---
name: observability-compliance
description: Use when performing a deep observability audit or remediating missing structured logging, metrics, traces, or alerting rules
version: 1.0.0
owner: platform-governance
tier: full
source: .enterprise/governance/agent-skills/observability-compliance/SKILL.md
quick: .enterprise/governance/agent-skills/observability-compliance/SKILL-QUICK.md
portable: true
license: Apache-2.0
---

# Observability Compliance

## When to use
Use this skill when:
- reviewing a PR that adds new service operations, endpoints, or background jobs
- generating instrumentation code for new features
- auditing a service's observability coverage
- validating that log statements, metrics, and traces are correctly implemented

---

## 1. Structured Logging

- OC-01: ALL log statements MUST use **structured logging** (key/value pairs) — never concatenated strings.
- OC-02: Every backend log entry MUST include: `service`, `environment`, `correlationId`.
- OC-03: `traceId` and `spanId` MUST be included when distributed tracing context is available.
- OC-04: `eventName` or `operation` MUST be included to identify the log's business context.
- OC-05: Secrets, tokens, API keys, passwords, and PII MUST NEVER appear in log statements.
- OC-06: Payloads MUST be redacted by default — only safe, non-sensitive fields are logged.
- OC-07: Log levels MUST be used correctly:
  - `Debug` — high-volume, local diagnostics only; disabled in production by default
  - `Info` — business lifecycle milestones (order placed, payment confirmed)
  - `Warning` — recoverable anomalies (retry attempted, fallback activated)
  - `Error` — failed operations requiring attention
  - `Critical` — immediate action required (data corruption risk, auth outage)
- OC-08: Errors MUST be logged at `Error` or `Critical` — never swallowed silently.

---

## 2. Correlation & Trace Context

- OC-09: `correlationId` MUST be propagated from every inbound request/message to ALL outbound calls (HTTP, broker, background jobs).
- OC-10: `causationId` MUST be included on all domain and integration events (references the command or event that caused it).
- OC-11: HTTP services MUST accept an incoming correlation header (`X-Correlation-Id` or equivalent), generate one if missing, and return it in the response.
- OC-12: Message consumers MUST extract and propagate correlation context from the message envelope.
- OC-13: Background jobs MUST generate or inherit a correlation context at start.

---

## 3. Metrics

### 3.1 Required per HTTP endpoint
- OC-14: Request rate (requests/second, by endpoint and method)
- OC-15: Error rate (4xx and 5xx, by endpoint)
- OC-16: Latency distribution (p50, p95, p99, by endpoint)

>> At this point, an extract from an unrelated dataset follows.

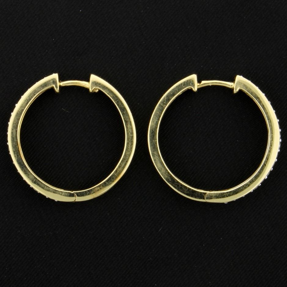 In 14K yellow gold, they are 7/8 inch in diameter. Each earring contains seventeen high quality round diamonds, SI clarity/G color, for a total weight of 3/4 cts. 4.8g

### 3.2 Required per use case (Command/Query)
- OC-17: Commands executed (count, by command type)
- OC-18: Command failure rate (count, by command type and error category)
- OC-19: Queries executed (count, by query type)
- OC-20: Handler duration (p50/p95/p99, by handler)

### 3.3 Required per messaging operation
- OC-21: Events published (count, by event type)
- OC-22: Events consumed (count, by event type and consumer)
- OC-23: Consumer processing failures (count, by event type)
- OC-24: Outbox pending count
- OC-25: DLQ message count (by queue)
- OC-26: Consumer lag (time between event occurrence and processing)

### 3.4 Required per external dependency call
- OC-27: Dependency error rate (by dependency name)
- OC-28: Dependency latency (p95/p99, by dependency)
- OC-29: Circuit breaker state (CLOSED/OPEN/HALF-OPEN, by dependency)

---

## 4. Distributed Tracing

- OC-30: Spans MUST be created for:
  - inbound HTTP requests and gRPC calls
  - outbound HTTP and gRPC calls
  - database queries (at minimum for slow query threshold)
  - message broker publish and consume operations
  - significant background job phases
- OC-31: Span attributes MUST include:
  - use case or operation name
  - aggregate id (when safe — not PII)
  - event type (for broker operations)
  - outcome (success/failure)
- OC-32: Span names MUST be descriptive: `order.place`, `payment.charge`, `outbox.publish` — not generic `HTTP POST`.
- OC-33: Trace context MUST be propagated via W3C `traceparent` header or OpenTelemetry conventions.

---

## 5. Alerting Baseline

New services MUST configure baseline alerts:

- OC-34: p95 latency exceeds SLA threshold for > 5 minutes
- OC-35: Error rate exceeds threshold (default 1%) for > 2 minutes
- OC-36: DLQ count above threshold (default > 0) for > 5 minutes
- OC-37: Outbox backlog above threshold for > 5 minutes
- OC-38: Circuit breaker OPEN for > 60 seconds
- OC-39: Authentication error spike (> 10x normal rate)

---

## 6. Client Observability (Flutter / React Native)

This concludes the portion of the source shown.